- TASK ITEM -
Copy the records that follow exactly as written, but not their pictures.

- THE INPUT -
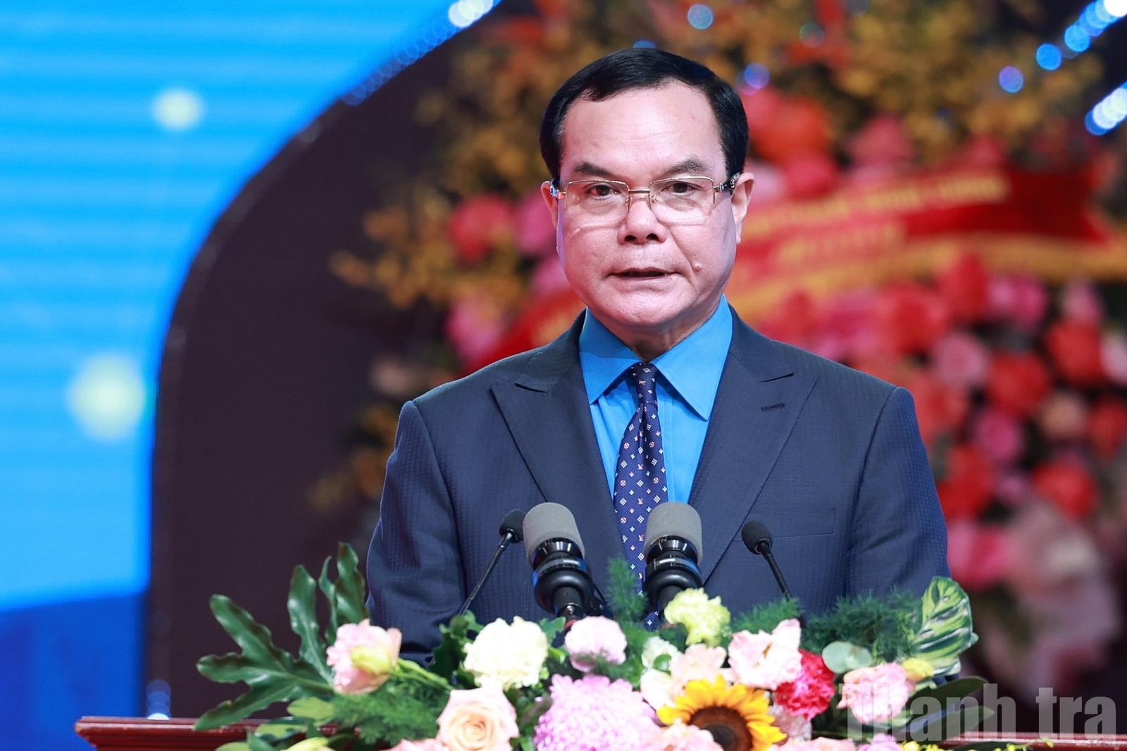 Thay mặt Đoàn Chủ tịch Tổng Liên đoàn Lao động Việt Nam, ông Nguyễn Đình Khang phát động phong trào thi đua trong công nhân, viên chức, lao động cả nước giai đoạn 2025 - 2030 với chủ đề “Thi đua đổi mới sáng tạo, chuyển đổi số, nâng cao năng suất lao động, vững tin cùng đất nước bước vào kỷ nguyên mới”.
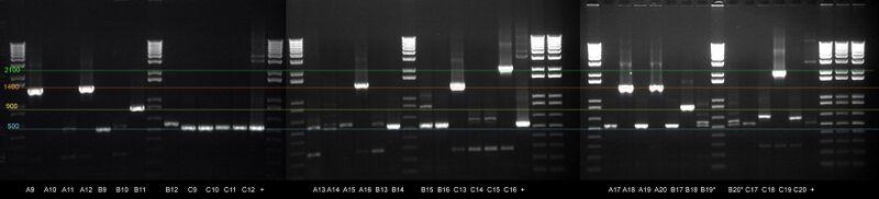 Result: two different streaks produced colonies for both #10 (KaiA) and #11 (KaiB). A colony PCR was started for 4 colonies of each streak. Noteto self: KaiA and KaiB labels switched on PCR and in LB cultures. Label A2.4 may have mixed lb culture.
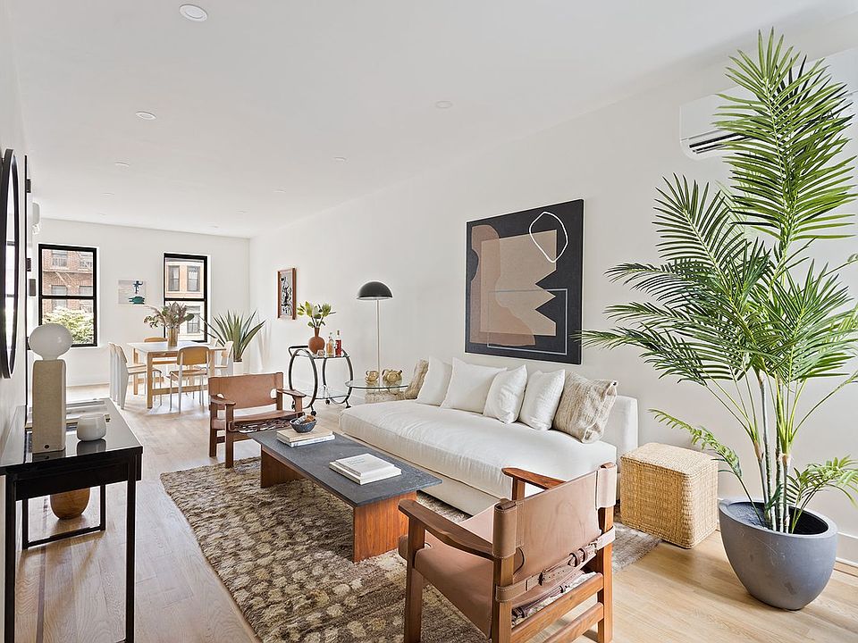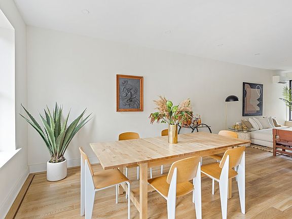 Unit 3 at 917 Saint Marks Avenue is a bright and airy 3 bedroom and 2 bathroom floor through apartment in a prewar townhouse with modern amenities, including ductless heating/cooling units, dishwasher, and washer/dryer combo. A sprawling 31 foot long living/dining area flooded with southern light is perfect for cozy nights in or entertaining family and friends. Off the living area is a windowed bonus room for a home office or guest room. Nestled between the public living area and the private bedroom wing is a gorgeous windowed kitchen, beautifully designed with custom Italkraft cabinetry, white marble countertops and a Bosch appliance package. The home's additional bedrooms are privately tucked away in the rear of the apartment. The spacious primary bedroom boasts two large closets and beautiful tree-top views. The en suite bathroom offers a deep soaking tub. A 53 sq ft storage room in the basement is included in the rent. Crown Heights is home to a variety of fantastic dining and recreation options. Brower Park and St. Johns Park, which boasts an indoor pool, are close to home, while the historic Prospect Park is only a short trip away. The Brooklyn Children's Museum and Socceroof are down the street and transportation around the neighborhood or to Manhattan is provided by the A & C trains at Kingston-Throop Avenues, the 3 train at Kingston Avenue and the 4 train via Eastern Parkway. Pets considered on a case by case basis. *Photos are of the unit when it was professionally staged.
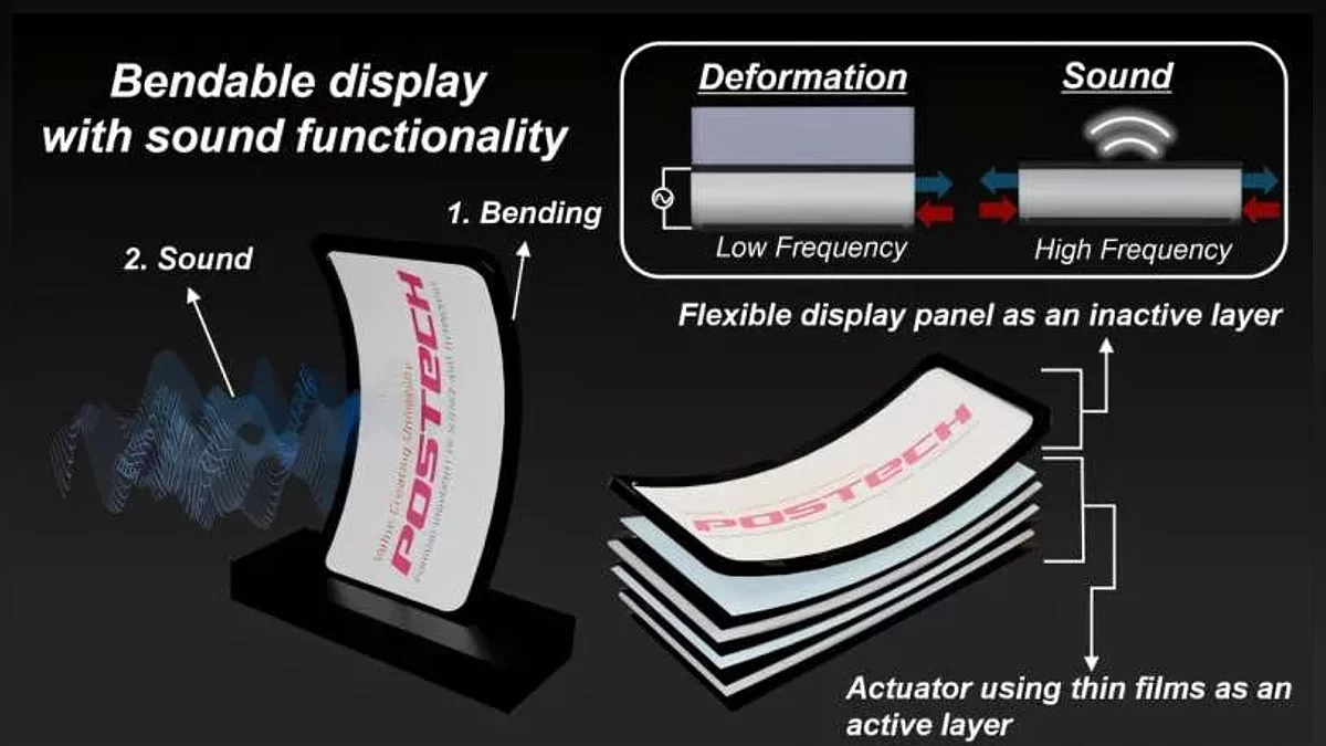 Учені з Південної Кореї здійснили прорив у галузі гнучкої електроніки, створивши OLED-екран, здатний не лише змінювати форму без механічних елементів, але й генерувати звук. Команда розробила ультратонку панель на основі п'єзополімерного актуатора. Цей матеріал, реагуючи на електричні сигнали, дозволяє дисплею приймати складні конфігурації — від хвиль і S-подібних вигинів до опуклих форм. При цьому для трансформації не потрібні шарніри, мотори або слайдери, що зберігає мінімалістичний профіль пристрою.
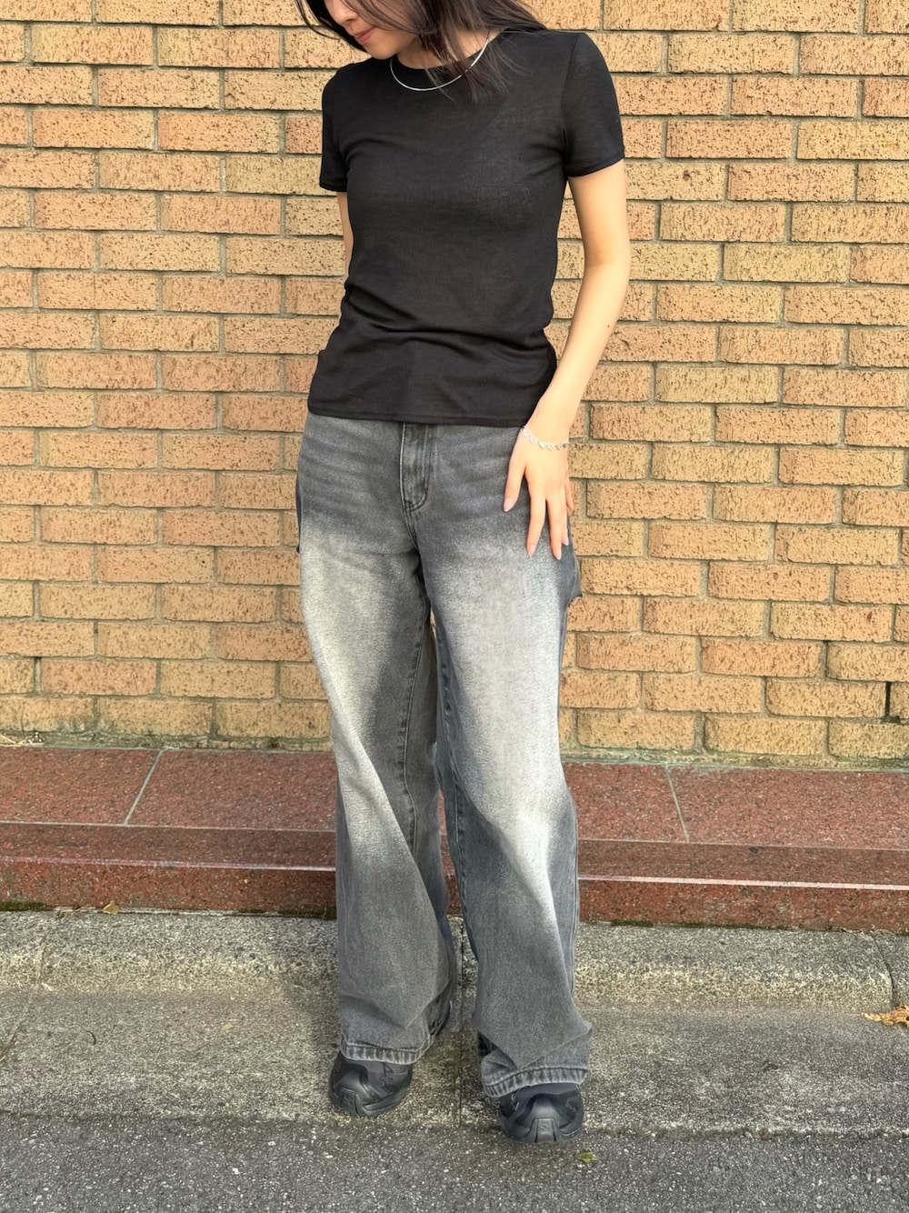 kiehtova人気のsheer topsを使ってオールブラックコーデ アクセサリーはシルバーの色味に統一。 まとまりのある洗練された印象に。
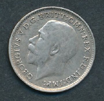England, 3 pence STERLINGSØLV 1919 - KM 813
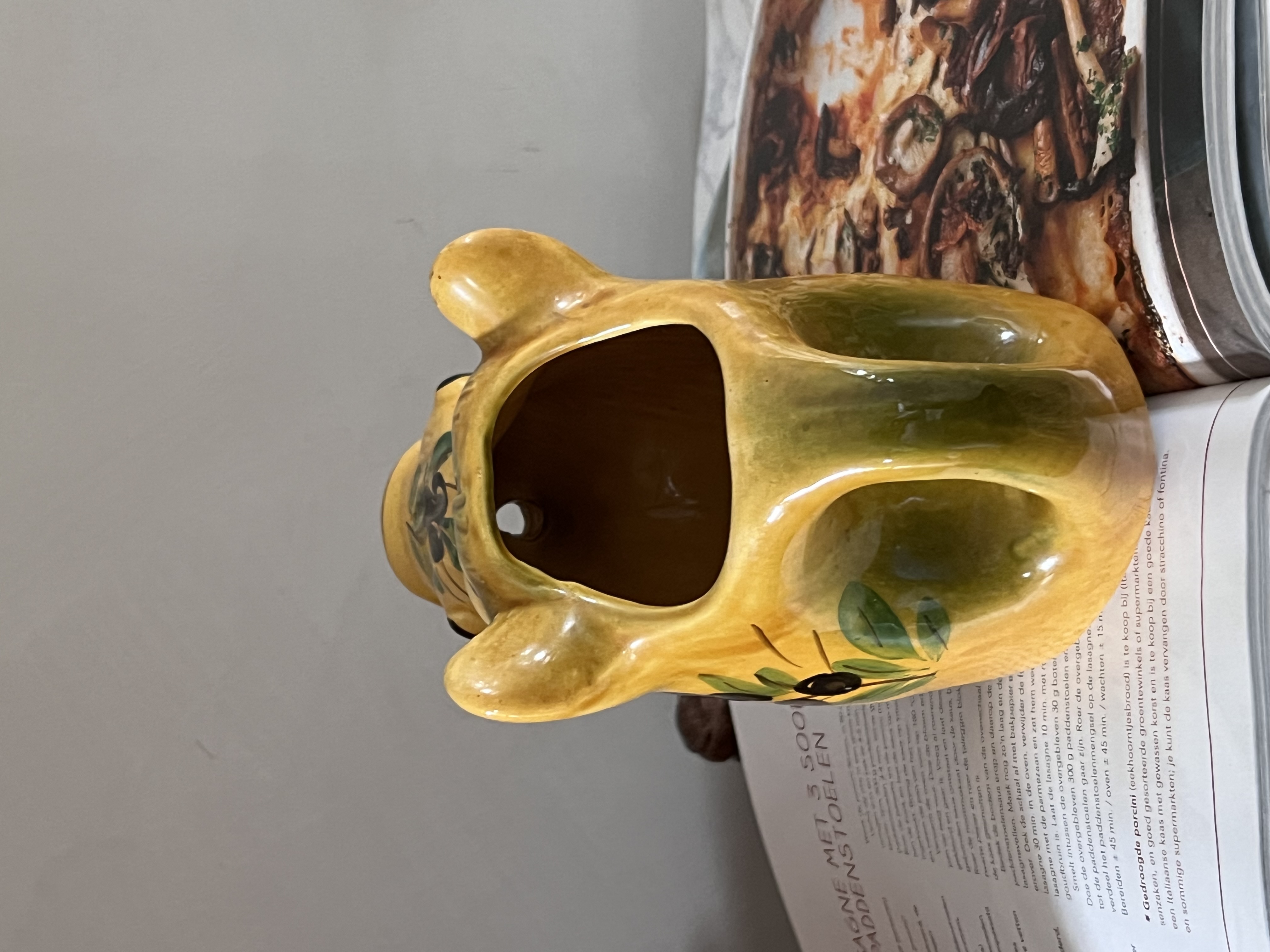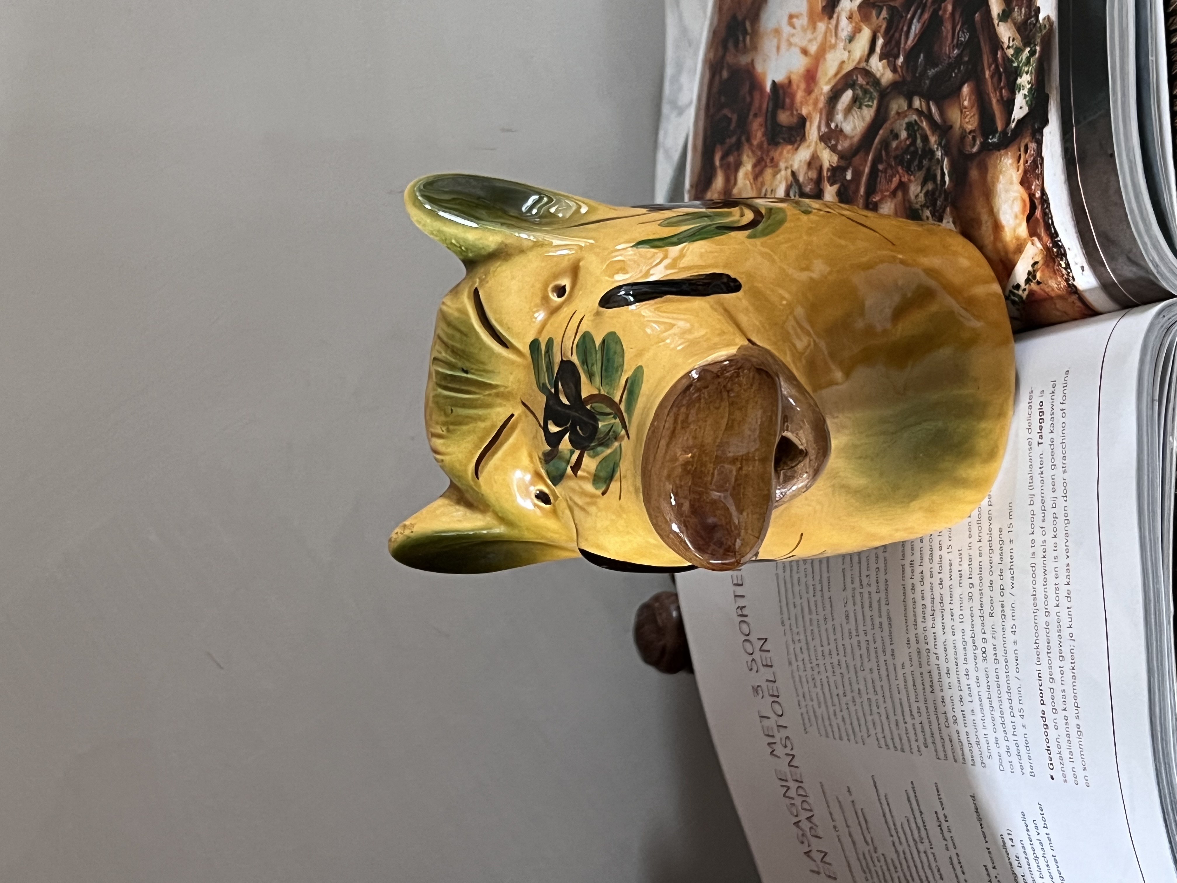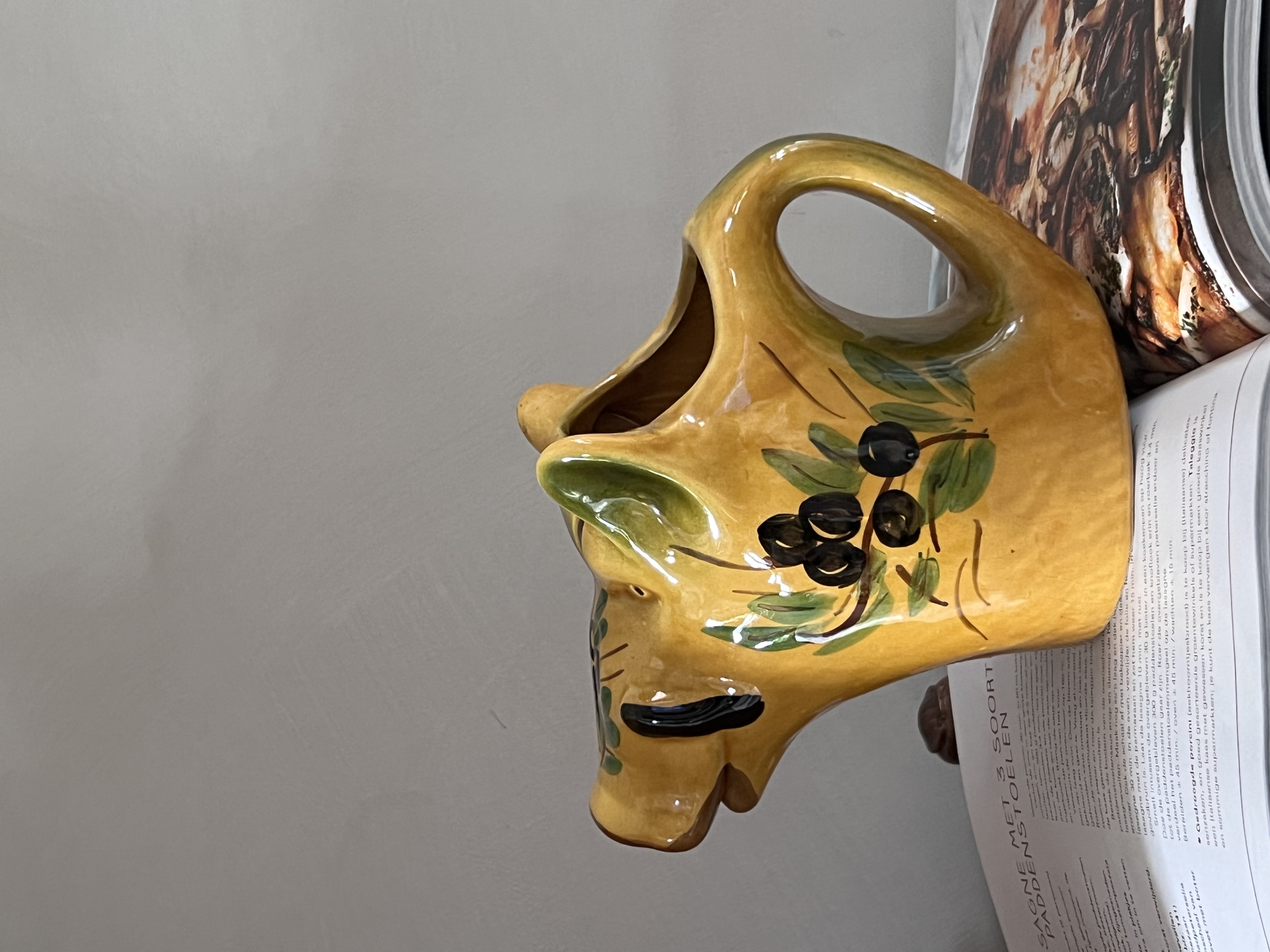Dit is een keramische kan in de vorm van een varken, vaak gebruikt als waterkan of wijnkan, en kenmerkend voor de Zuid-Franse aardewerktraditie, met name uit Vallauris. Het varken is een veelvoorkomend motief in de Provençaalse keramiek, en de olijftakken die erop geschilderd zijn, benadrukken de mediterrane oorsprong.
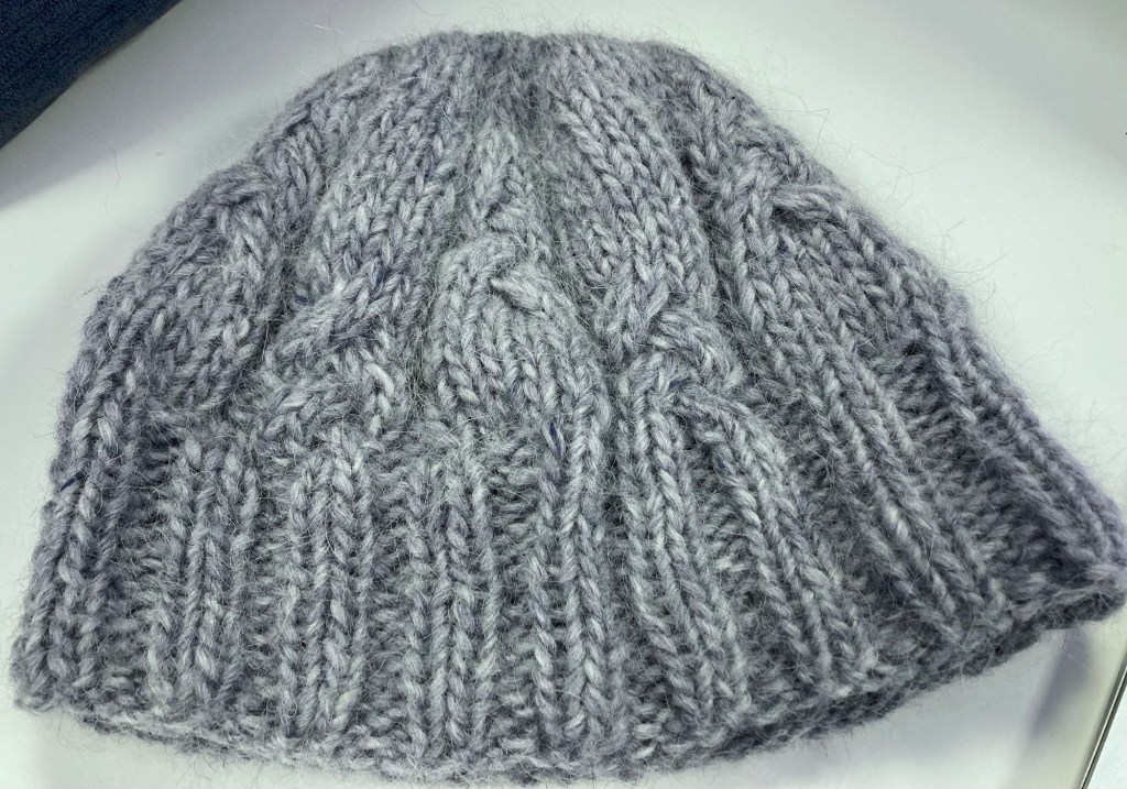 Det är första gången jag provar på flätstickning och jag tycker det är kul! Det kommer produceras ytterligare några mössor innan restgarnet tar slut. Planen är att mina svärföräldrar ska få i julklapp, och även Eriks syster.

- COMPLETED TASK -
 Thay mặt Đoàn Chủ tịch Tổng Liên đoàn Lao động Việt Nam, ông Nguyễn Đình Khang phát động phong trào thi đua trong công nhân, viên chức, lao động cả nước giai đoạn 2025 - 2030 với chủ đề “Thi đua đổi mới sáng tạo, chuyển đổi số, nâng cao năng suất lao động, vững tin cùng đất nước bước vào kỷ nguyên mới”.
 Result: two different streaks produced colonies for both #10 (KaiA) and #11 (KaiB). A colony PCR was started for 4 colonies of each streak. Noteto self: KaiA and KaiB labels switched on PCR and in LB cultures. Label A2.4 may have mixed lb culture.
 Unit 3 at 917 Saint Marks Avenue is a bright and airy 3 bedroom and 2 bathroom floor through apartment in a prewar townhouse with modern amenities, including ductless heating/cooling units, dishwasher, and washer/dryer combo. A sprawling 31 foot long living/dining area flooded with southern light is perfect for cozy nights in or entertaining family and friends. Off the living area is a windowed bonus room for a home office or guest room. Nestled between the public living area and the private bedroom wing is a gorgeous windowed kitchen, beautifully designed with custom Italkraft cabinetry, white marble countertops and a Bosch appliance package. The home's additional bedrooms are privately tucked away in the rear of the apartment. The spacious primary bedroom boasts two large closets and beautiful tree-top views. The en suite bathroom offers a deep soaking tub. A 53 sq ft storage room in the basement is included in the rent. Crown Heights is home to a variety of fantastic dining and recreation options. Brower Park and St. Johns Park, which boasts an indoor pool, are close to home, while the historic Prospect Park is only a short trip away. The Brooklyn Children's Museum and Socceroof are down the street and transportation around the neighborhood or to Manhattan is provided by the A & C trains at Kingston-Throop Avenues, the 3 train at Kingston Avenue and the 4 train via Eastern Parkway. Pets considered on a case by case basis. *Photos are of the unit when it was professionally staged.
 Учені з Південної Кореї здійснили прорив у галузі гнучкої електроніки, створивши OLED-екран, здатний не лише змінювати форму без механічних елементів, але й генерувати звук. Команда розробила ультратонку панель на основі п'єзополімерного актуатора. Цей матеріал, реагуючи на електричні сигнали, дозволяє дисплею приймати складні конфігурації — від хвиль і S-подібних вигинів до опуклих форм. При цьому для трансформації не потрібні шарніри, мотори або слайдери, що зберігає мінімалістичний профіль пристрою.
 kiehtova人気のsheer topsを使ってオールブラックコーデ アクセサリーはシルバーの色味に統一。 まとまりのある洗練された印象に。
England, 3 pence STERLINGSØLV 1919 - KM 813
Dit is een keramische kan in de vorm van een varken, vaak gebruikt als waterkan of wijnkan, en kenmerkend voor de Zuid-Franse aardewerktraditie, met name uit Vallauris. Het varken is een veelvoorkomend motief in de Provençaalse keramiek, en de olijftakken die erop geschilderd zijn, benadrukken de mediterrane oorsprong.
 Det är första gången jag provar på flätstickning och jag tycker det är kul! Det kommer produceras ytterligare några mössor innan restgarnet tar slut. Planen är att mina svärföräldrar ska få i julklapp, och även Eriks syster.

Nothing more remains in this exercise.